◆ STORED DATA:
'''

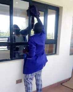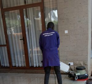 Cleaning windows, glass partitions, and doors
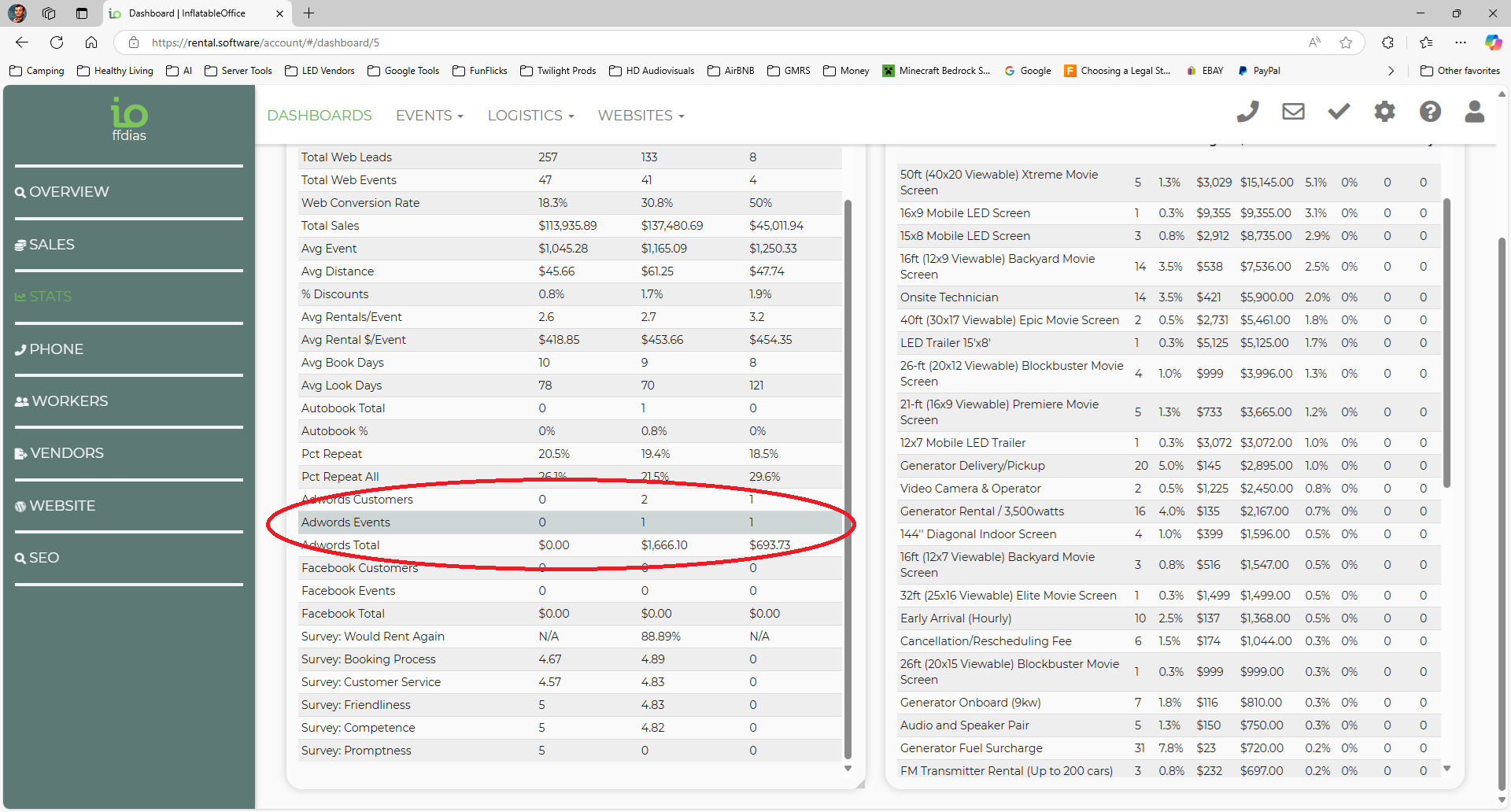 Could you help me identify where the attached dashboard statistic is showing we have 1 lead from Adwords? What source triggers this statistic? and how is the total 693.73 generated?
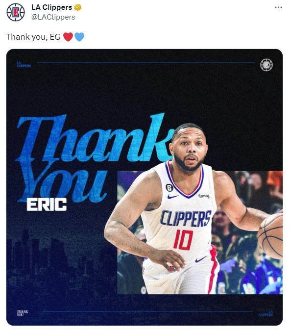 Today, Clippers officially sent a message to thank Gordon, “Thank you, EG.❤⊙💙”

'''

◆ TASK DESCRIPTION:
Would you please copy the material exactly, leaving all the pictures out?

◆ EXERCISE RESPONSE:
 Cleaning windows, glass partitions, and doors
 Could you help me identify where the attached dashboard statistic is showing we have 1 lead from Adwords? What source triggers this statistic? and how is the total 693.73 generated?
 Today, Clippers officially sent a message to thank Gordon, “Thank you, EG.❤⊙💙”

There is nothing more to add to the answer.